Every line from the one with "Chức năng In" to the end of the listing below must be printed exactly, with no other text and no pictures.

◆ Data shown:
========================

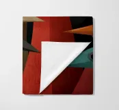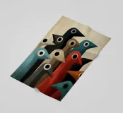 Arte astratta di uccelli con forme geometriche e colori tenui.
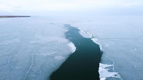 这是2023年4月17日拍摄的呼伦湖开湖景象(无人机照片)。新华社记者 王楷焱 摄
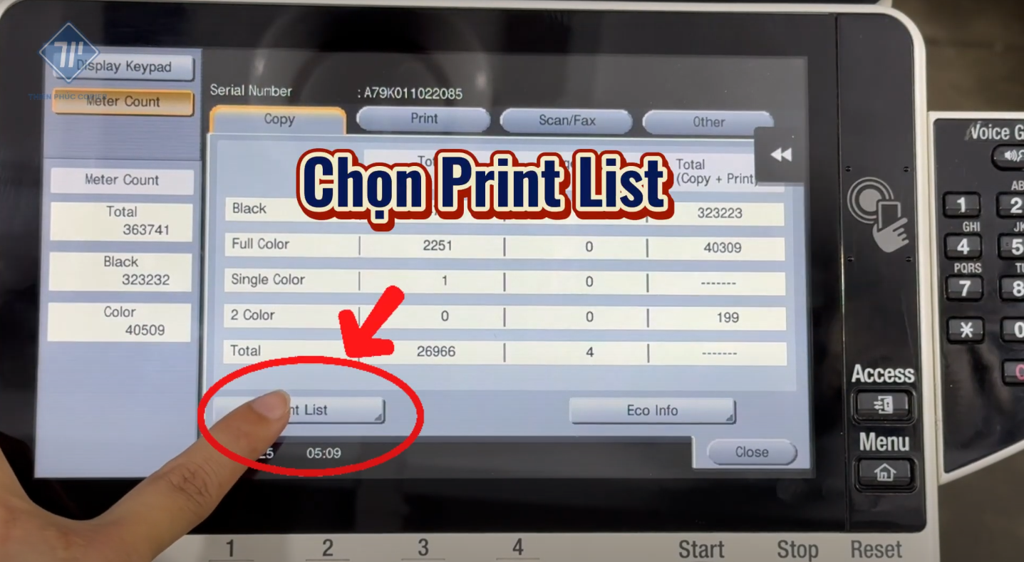 Chức năng In Counter của máy photocopy Konica
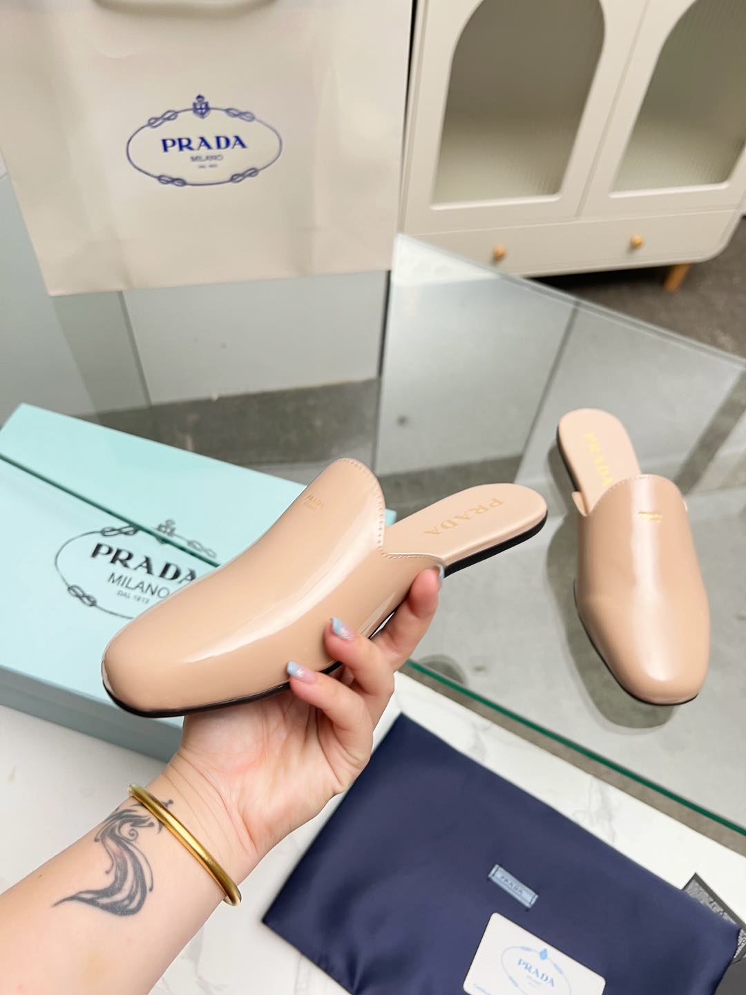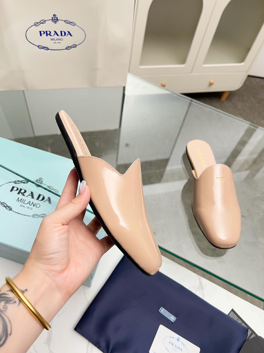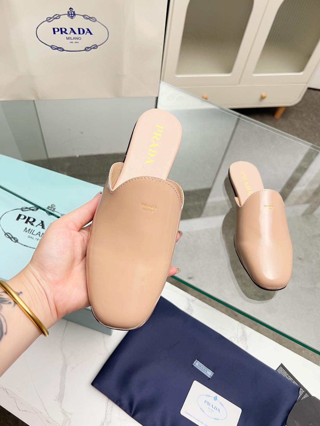 这款鞋子是AAAAA 1:1 质量 (非常棒). 使用了和原版一模一样的材料. 商标部分也保持了和普拉达/Prada一样. 图片拍摄是实物鞋子拍摄, 您所收到的实物保证和我们图片一模一样.

========================

◆ Task output:
 Chức năng In Counter của máy photocopy Konica
 这款鞋子是AAAAA 1:1 质量 (非常棒). 使用了和原版一模一样的材料. 商标部分也保持了和普拉达/Prada一样. 图片拍摄是实物鞋子拍摄, 您所收到的实物保证和我们图片一模一样.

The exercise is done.